| Task instructions |
Nothing but the images should be left out when the entries are restated word for word.

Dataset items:
========================================
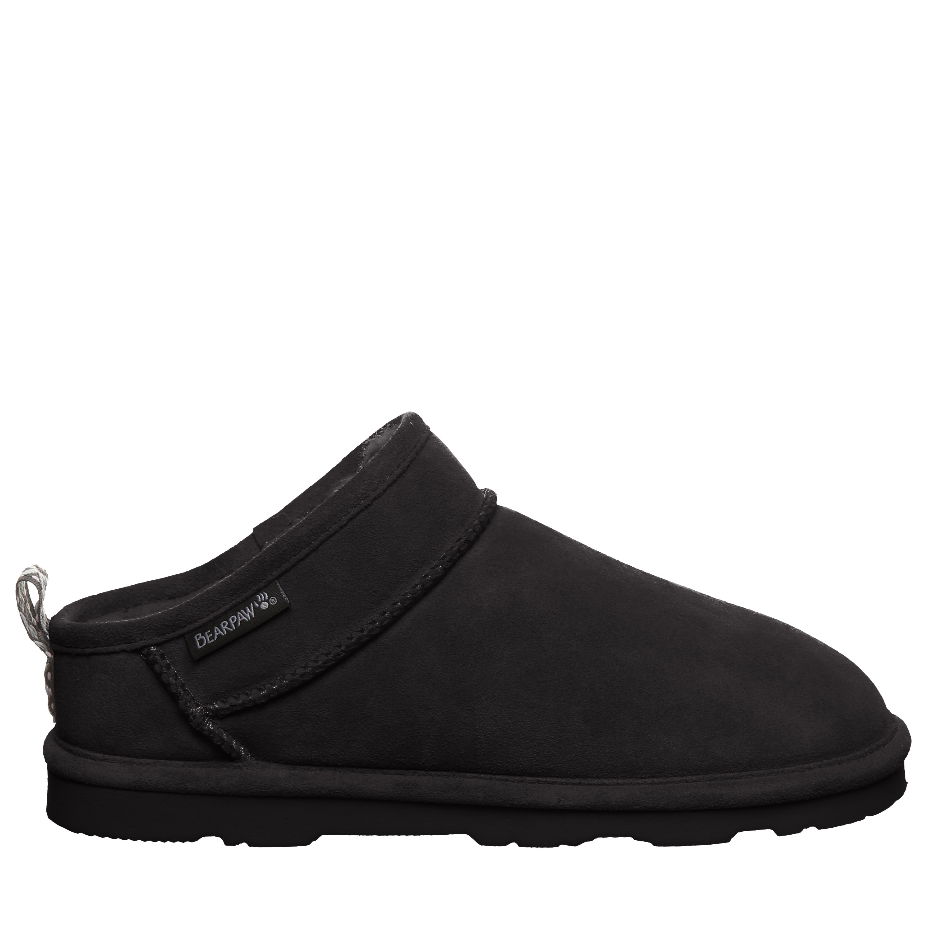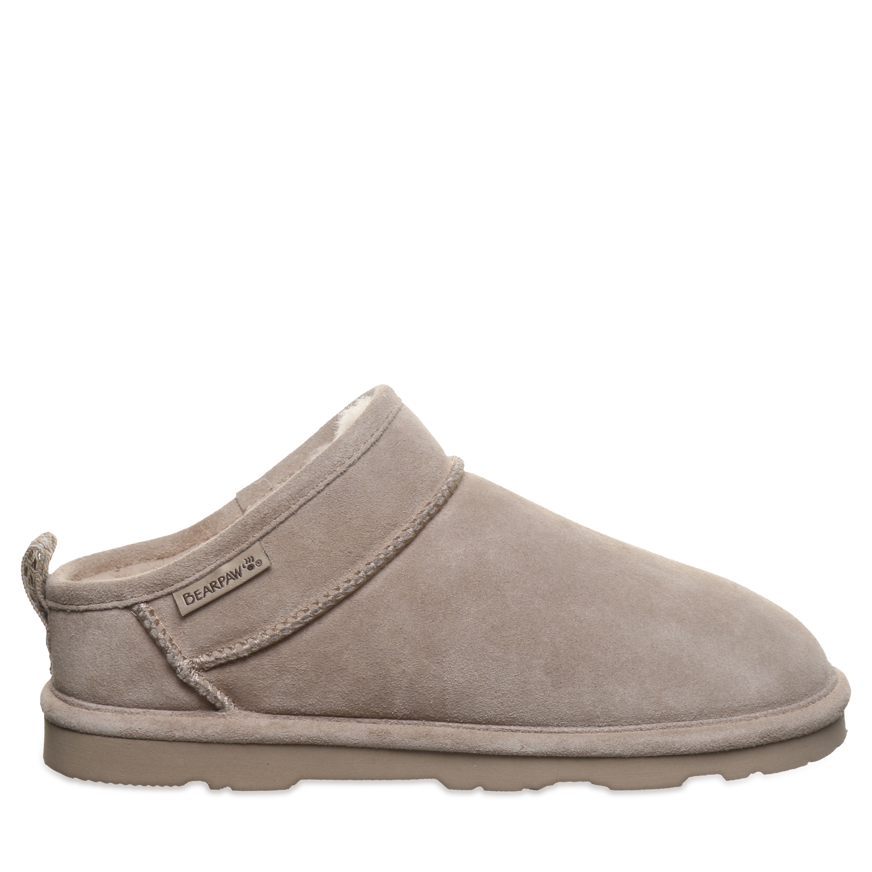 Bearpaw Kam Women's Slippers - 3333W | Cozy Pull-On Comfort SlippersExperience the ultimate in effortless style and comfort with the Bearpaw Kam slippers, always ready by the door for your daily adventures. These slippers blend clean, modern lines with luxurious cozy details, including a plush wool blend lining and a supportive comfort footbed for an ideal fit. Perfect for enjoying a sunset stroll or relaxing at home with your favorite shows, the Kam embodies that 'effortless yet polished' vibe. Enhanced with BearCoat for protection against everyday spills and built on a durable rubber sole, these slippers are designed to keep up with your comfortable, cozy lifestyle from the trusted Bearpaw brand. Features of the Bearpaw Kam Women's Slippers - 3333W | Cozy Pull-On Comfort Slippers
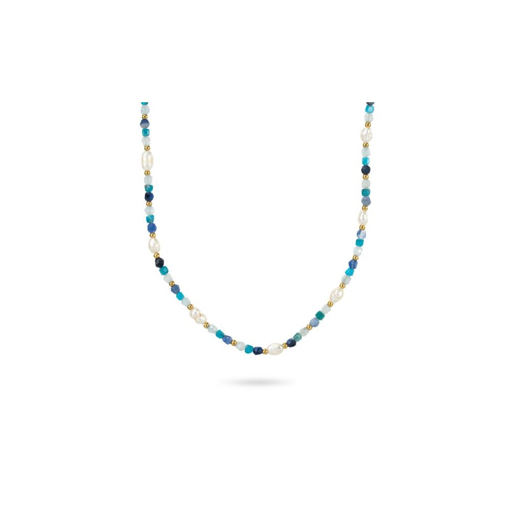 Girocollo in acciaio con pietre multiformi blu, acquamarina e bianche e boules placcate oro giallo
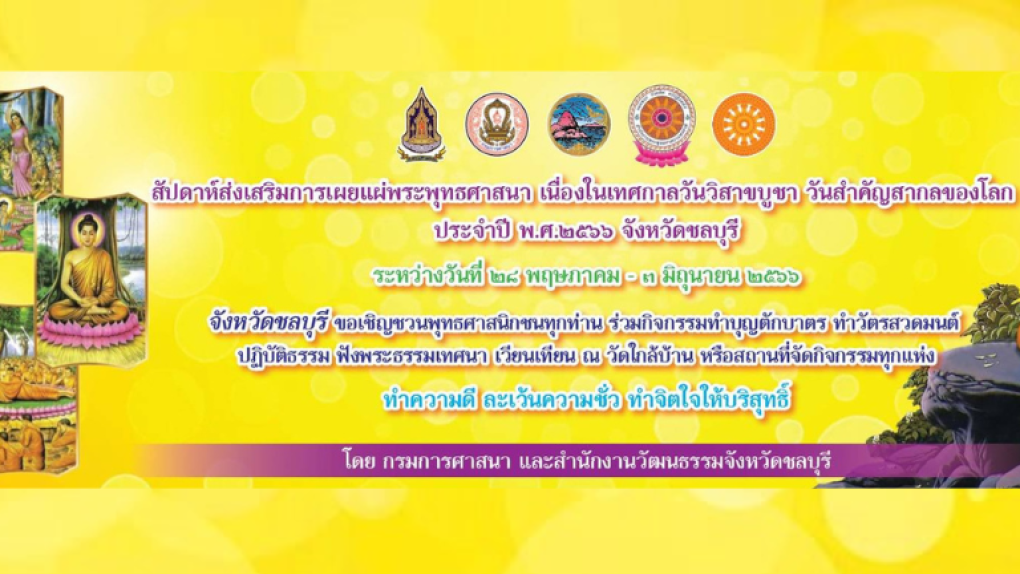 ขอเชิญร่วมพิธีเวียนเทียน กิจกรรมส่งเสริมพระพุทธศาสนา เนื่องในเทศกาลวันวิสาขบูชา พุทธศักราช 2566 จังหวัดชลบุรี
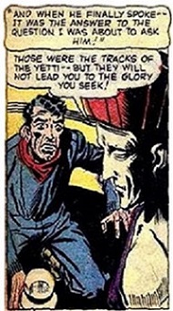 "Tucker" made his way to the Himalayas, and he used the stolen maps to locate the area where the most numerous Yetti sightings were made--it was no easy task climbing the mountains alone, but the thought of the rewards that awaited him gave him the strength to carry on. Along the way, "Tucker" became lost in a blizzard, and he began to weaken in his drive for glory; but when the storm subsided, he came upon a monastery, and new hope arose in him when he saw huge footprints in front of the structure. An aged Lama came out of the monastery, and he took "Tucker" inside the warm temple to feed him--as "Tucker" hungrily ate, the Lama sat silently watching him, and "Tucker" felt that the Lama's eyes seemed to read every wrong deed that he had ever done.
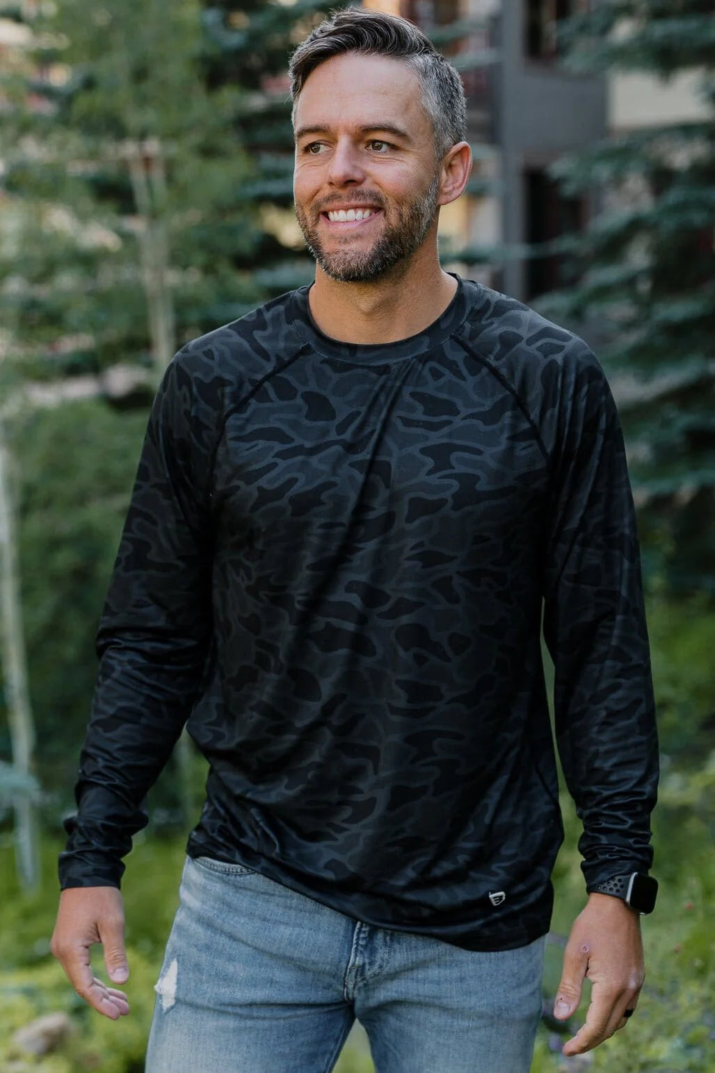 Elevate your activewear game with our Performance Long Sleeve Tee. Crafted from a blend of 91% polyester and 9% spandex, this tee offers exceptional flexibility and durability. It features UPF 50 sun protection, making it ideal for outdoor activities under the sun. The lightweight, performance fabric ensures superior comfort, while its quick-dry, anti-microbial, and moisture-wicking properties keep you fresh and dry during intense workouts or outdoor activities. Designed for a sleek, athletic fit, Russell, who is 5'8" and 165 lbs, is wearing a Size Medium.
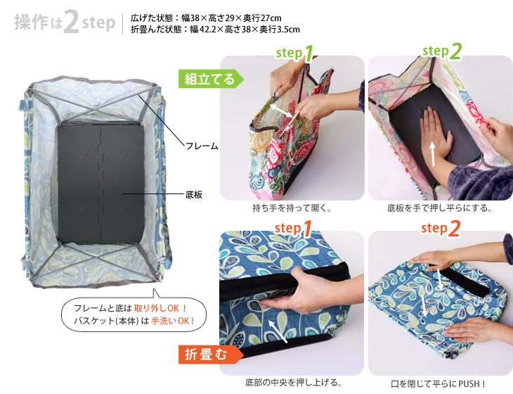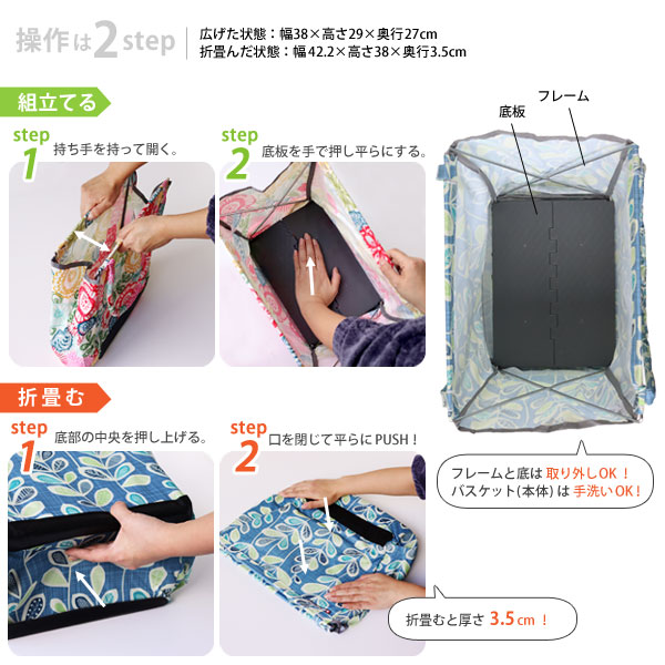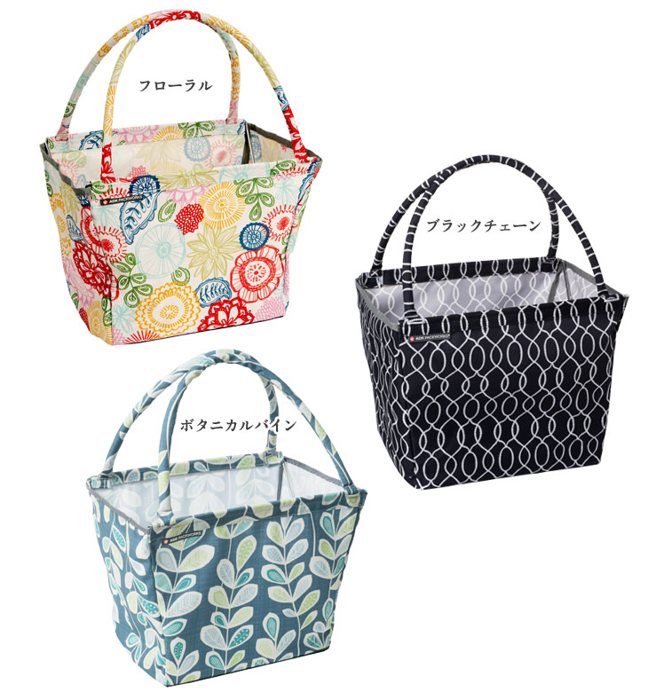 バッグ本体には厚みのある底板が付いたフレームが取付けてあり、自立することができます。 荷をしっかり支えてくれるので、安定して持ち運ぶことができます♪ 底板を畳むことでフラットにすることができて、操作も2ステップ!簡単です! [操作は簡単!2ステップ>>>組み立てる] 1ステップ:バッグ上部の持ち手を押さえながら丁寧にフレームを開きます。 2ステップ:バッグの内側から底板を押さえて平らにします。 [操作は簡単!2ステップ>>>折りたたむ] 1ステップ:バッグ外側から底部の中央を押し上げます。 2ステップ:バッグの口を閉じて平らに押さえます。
========================================
| Answer to this problem |
 Bearpaw Kam Women's Slippers - 3333W | Cozy Pull-On Comfort SlippersExperience the ultimate in effortless style and comfort with the Bearpaw Kam slippers, always ready by the door for your daily adventures. These slippers blend clean, modern lines with luxurious cozy details, including a plush wool blend lining and a supportive comfort footbed for an ideal fit. Perfect for enjoying a sunset stroll or relaxing at home with your favorite shows, the Kam embodies that 'effortless yet polished' vibe. Enhanced with BearCoat for protection against everyday spills and built on a durable rubber sole, these slippers are designed to keep up with your comfortable, cozy lifestyle from the trusted Bearpaw brand. Features of the Bearpaw Kam Women's Slippers - 3333W | Cozy Pull-On Comfort Slippers
 Girocollo in acciaio con pietre multiformi blu, acquamarina e bianche e boules placcate oro giallo
 ขอเชิญร่วมพิธีเวียนเทียน กิจกรรมส่งเสริมพระพุทธศาสนา เนื่องในเทศกาลวันวิสาขบูชา พุทธศักราช 2566 จังหวัดชลบุรี
 "Tucker" made his way to the Himalayas, and he used the stolen maps to locate the area where the most numerous Yetti sightings were made--it was no easy task climbing the mountains alone, but the thought of the rewards that awaited him gave him the strength to carry on. Along the way, "Tucker" became lost in a blizzard, and he began to weaken in his drive for glory; but when the storm subsided, he came upon a monastery, and new hope arose in him when he saw huge footprints in front of the structure. An aged Lama came out of the monastery, and he took "Tucker" inside the warm temple to feed him--as "Tucker" hungrily ate, the Lama sat silently watching him, and "Tucker" felt that the Lama's eyes seemed to read every wrong deed that he had ever done.
 Elevate your activewear game with our Performance Long Sleeve Tee. Crafted from a blend of 91% polyester and 9% spandex, this tee offers exceptional flexibility and durability. It features UPF 50 sun protection, making it ideal for outdoor activities under the sun. The lightweight, performance fabric ensures superior comfort, while its quick-dry, anti-microbial, and moisture-wicking properties keep you fresh and dry during intense workouts or outdoor activities. Designed for a sleek, athletic fit, Russell, who is 5'8" and 165 lbs, is wearing a Size Medium.
 バッグ本体には厚みのある底板が付いたフレームが取付けてあり、自立することができます。 荷をしっかり支えてくれるので、安定して持ち運ぶことができます♪ 底板を畳むことでフラットにすることができて、操作も2ステップ!簡単です! [操作は簡単!2ステップ>>>組み立てる] 1ステップ:バッグ上部の持ち手を押さえながら丁寧にフレームを開きます。 2ステップ:バッグの内側から底板を押さえて平らにします。 [操作は簡単!2ステップ>>>折りたたむ] 1ステップ:バッグ外側から底部の中央を押し上げます。 2ステップ:バッグの口を閉じて平らに押さえます。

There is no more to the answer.